ACTIVITY —
Everything from the line that contains "فرض تأليفي عدد" to the final line of the data, both ends included, must be set down exactly, apart from the pictures.

DATA PROVIDED —
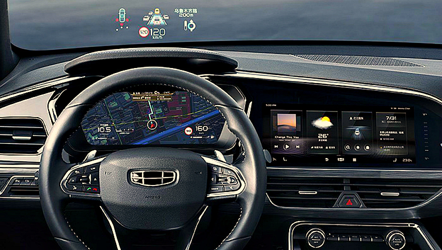 Салон Geely Xingyue щеголяет виртуальной «приборкой», проекционным экраном, премиальной аудиосистемой BOSE с 12-ю динамиками, беспроводной зарядкой для гаджетов и обшивкой из кожи Nappa.
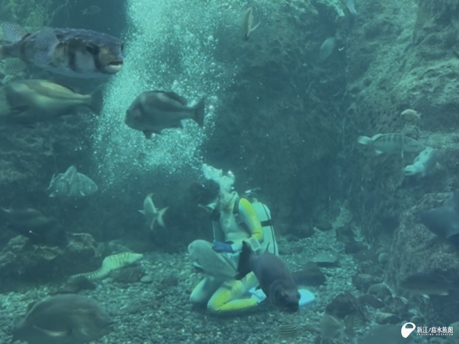 相模湾大水槽では毎日「えのすいトリーターとさかなたちのふれあいタイム(以下「ふれあいタイム」)」というショーをおこなっています。私たちトリーターが相模湾大水槽でくらしている魚たちと一緒に泳いだり、遊んだり、時にはいちゃいちゃ(?)したりするようすをみなさまに見ていただくショーなのですが、その中で、最近私が大注目している 2匹の魚たちがいます。マハタの「ヘプタン」とツチホゼリの「ゴマシオ」です。
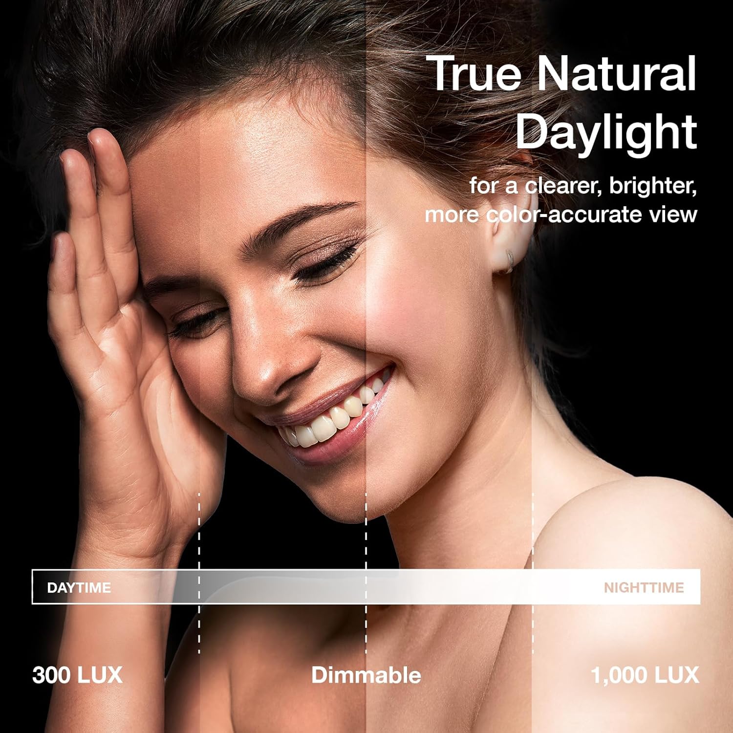 - Natural Daylight LEDs - 2x brighter and softer illumination than the next best. 58 built-in dimmable LEDs closely mimic soft, natural sunlight providing you with true-to-life color-correct details.
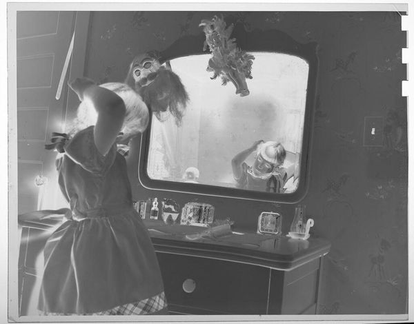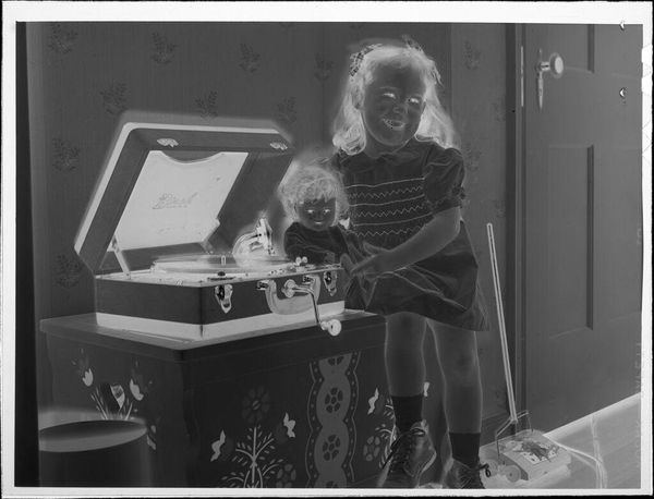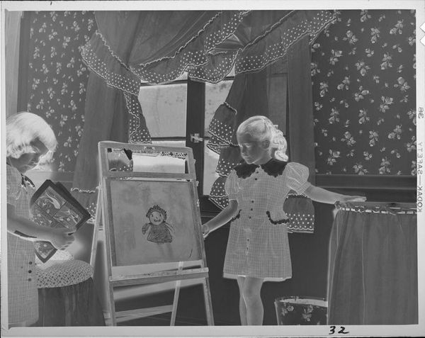 Editor: This is an untitled photograph, "two girls and easel," by Lucian and Mary Brown. It’s a small black and white image of two young girls and, to me, it feels very intimate. What do you notice in terms of its composition? Curator: The interplay of light and shadow, particularly the way the negative space defines the subjects, is quite striking. Note how the artist directs our gaze through the careful arrangement of forms. Editor: So, it's about the shapes and light, not just the subject matter? Curator: Precisely. The contrasting textures – the girls' patterned dresses against the stark easel – create a visual rhythm. Editor: I see it now; it's like the photograph is its own little world. Curator: Indeed, and it’s a world constructed through careful formal choices.
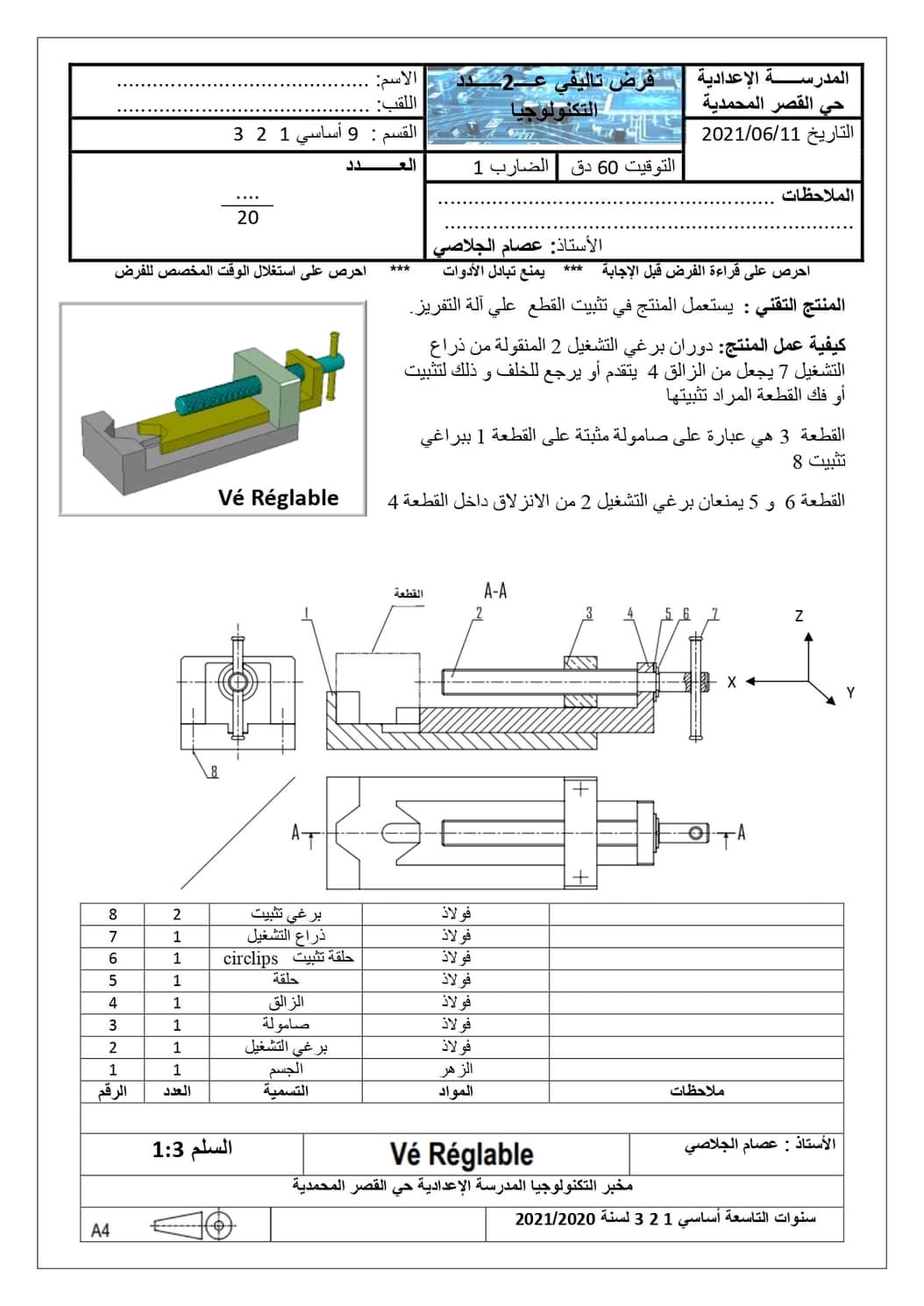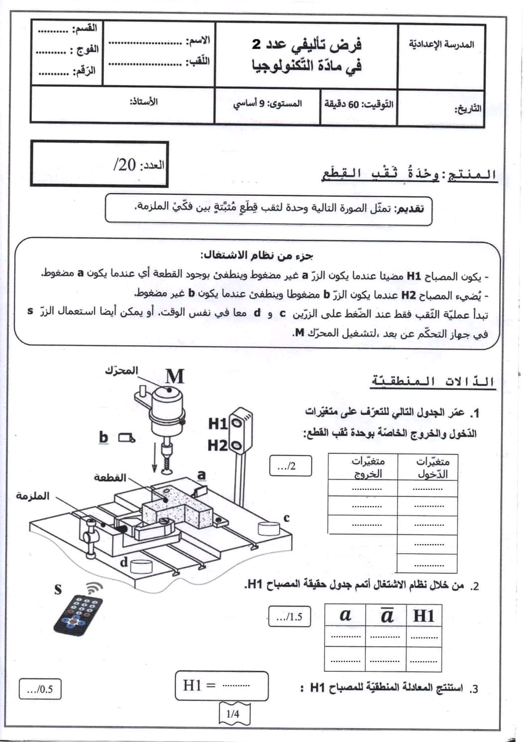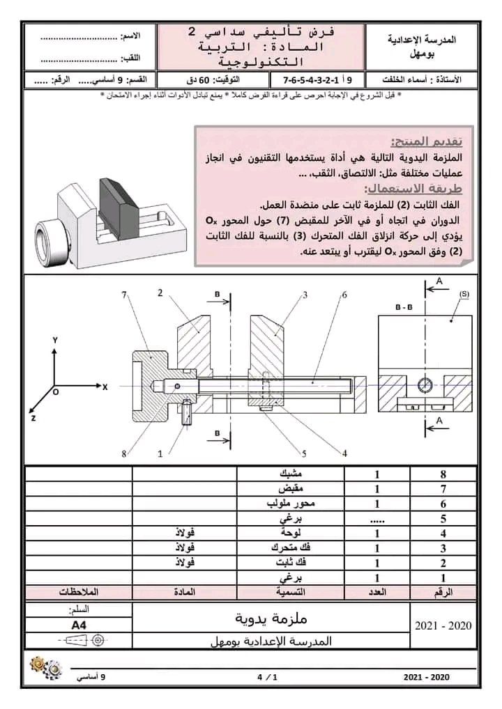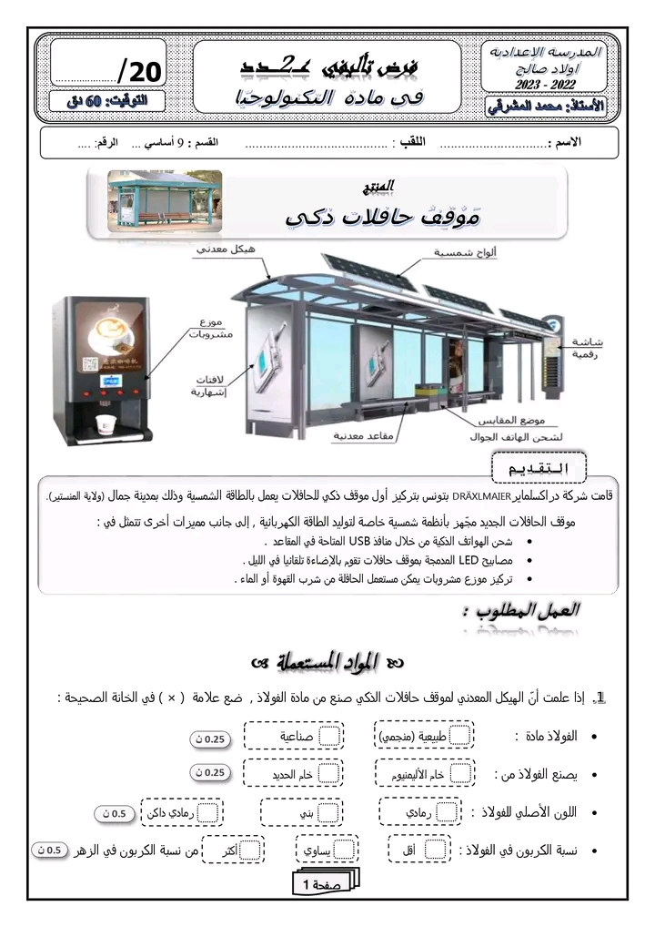 " فرض تأليفي عدد 2 في مادة التكنولوجيا "
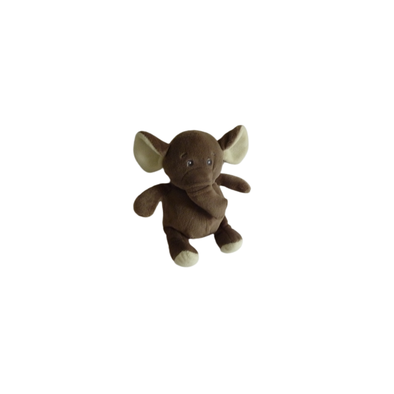 Doudou peluche éléphant 20 cm environ, marron écru. Etat : Comme neuf
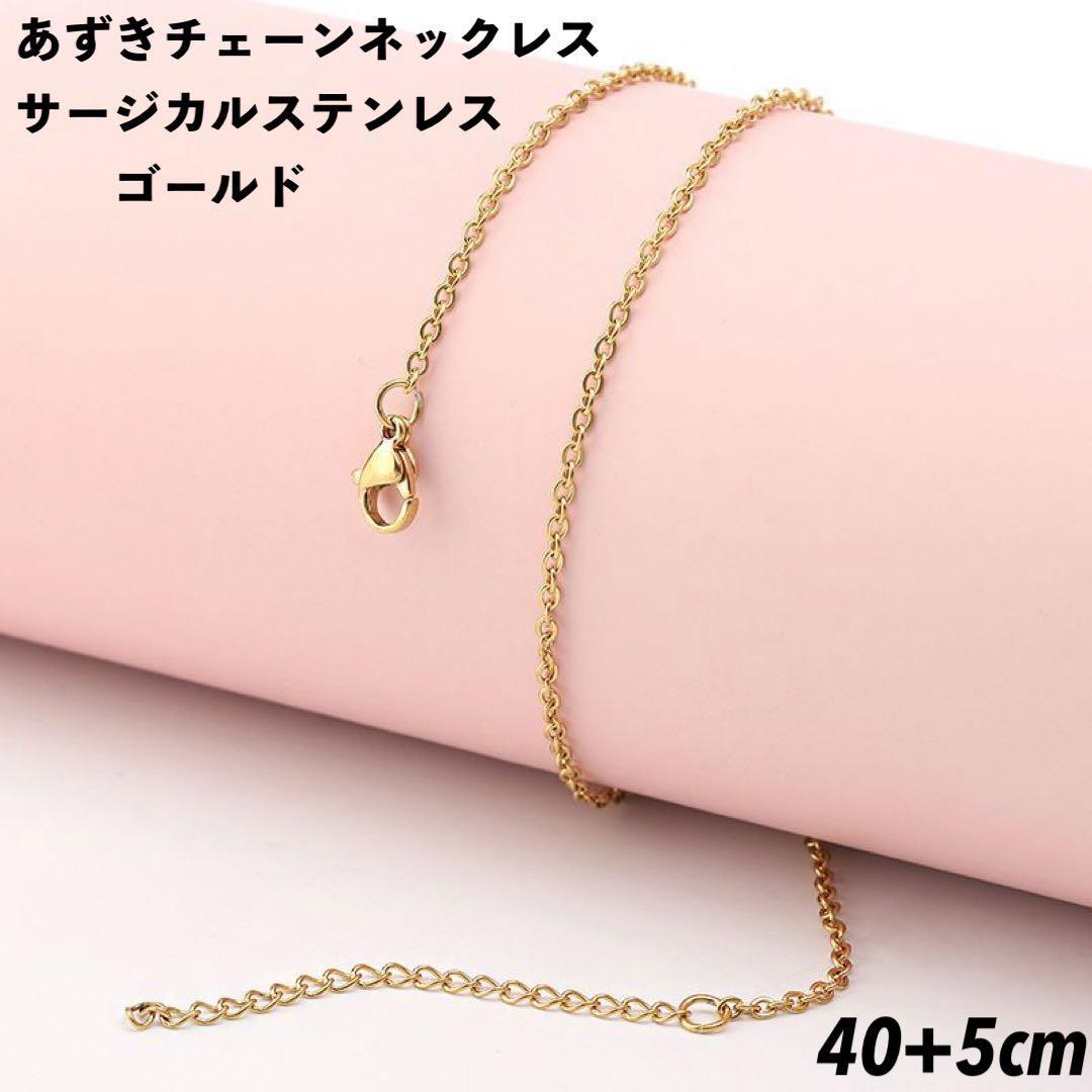 - サージカルステンレス あずきチェーン ゴールド 40cm+5㎝
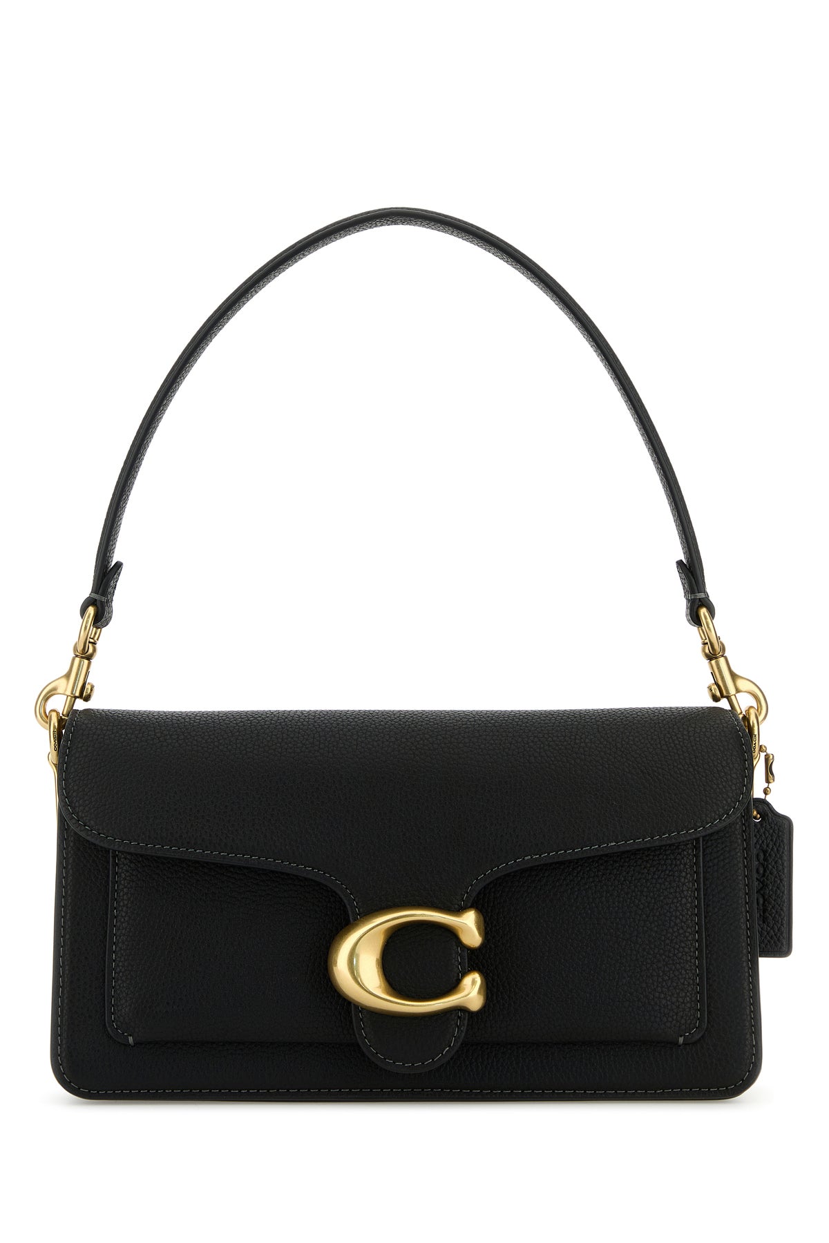 Handbag realized in pebble leather enriched by logoed metal detail at the front.

ANSWER FOR THIS EXERCISE —
 " فرض تأليفي عدد 2 في مادة التكنولوجيا "
 Doudou peluche éléphant 20 cm environ, marron écru. Etat : Comme neuf
 - サージカルステンレス あずきチェーン ゴールド 40cm+5㎝
 Handbag realized in pebble leather enriched by logoed metal detail at the front.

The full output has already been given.